Maverick283
Maverick283

Reputation: 1403

How to do something on insert when condition

I have two tables, one with a list of movies, and one with a list of dates when each movie is played. The movies list has the columns name, id, start_date and end_date, while id is a unique identifier.

The shows list (the one with the dates) has id,movie_id,date.

Every time I INSERT a new show, I'd like the movies list to be updated: If the show.date is before the movie.start_date, I'd like the start_date to be updated to the value of the show.date. Same goes for the end date - obviously if the show.date is after the movie.end_date.

The following rule is what I am stuck with: (NOTE: It would only set the start date if it worked, getting the end date done should be easy once this works...)

CREATE RULE "movies_start_date_setter" AS ON INSERT TO "shows"
WHERE movies.id = NEW.movie_id AND movies.start_date < NEW.date
DO (UPDATE movies SET start_date = NEW.date);

It returns: ERROR: missing FROM-clause entry for table "movies" This error doesn't give me (as a beginner) any information where I'm missing a FROM clause and why.

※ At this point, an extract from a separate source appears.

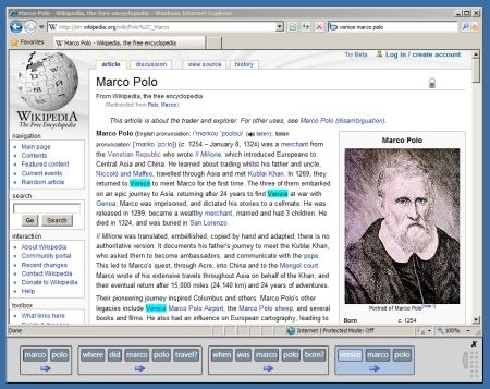 Clicking a term in the student client highlights that term in the browser, helping students connect their search queries to the pages they visit. The important point here is that our client is a logical place to add features targeted specifically at search education. The toolbar window is also used for logging in and out of the teacher’s server, and might be used for classroom tasks in the future: e.g., answering questions, rating pages, etc.

Now since everybody seems to think a rule is a bad idea (and I tend to bow the pressure) I tried a trigger, which is absolutely totally new to me.

Using a trigger (highly recommended) it would look something like this:

CREATE OR REPLACE FUNCTION adjust_start_date()
RETURNS trigger AS
$BODY$
BEGIN
    UPDATE movies SET start_date = NEW.date
    WHERE id = NEW.movie_id AND start_date > NEW.date;    
    RETURN NEW;
END;
$BODY$
LANGUAGE 'plpgsql';

Followed by:

CREATE TRIGGER adjust_start_date_trigger
   AFTER INSERT
   ON shows
   FOR EACH ROW
   EXECUTE PROCEDURE adjust_start_date(); 

This trigger may or may not work, it solves my issue but doesn't answer my original question... Anybody else out there smarter than me (I sure hope so!)?

Upvotes: 2

Views: 139

Answers (2)

Laurenz Albe
Laurenz Albe

Reputation: 247235

The reson for the error message is that you reference table movies in the WHERE clause.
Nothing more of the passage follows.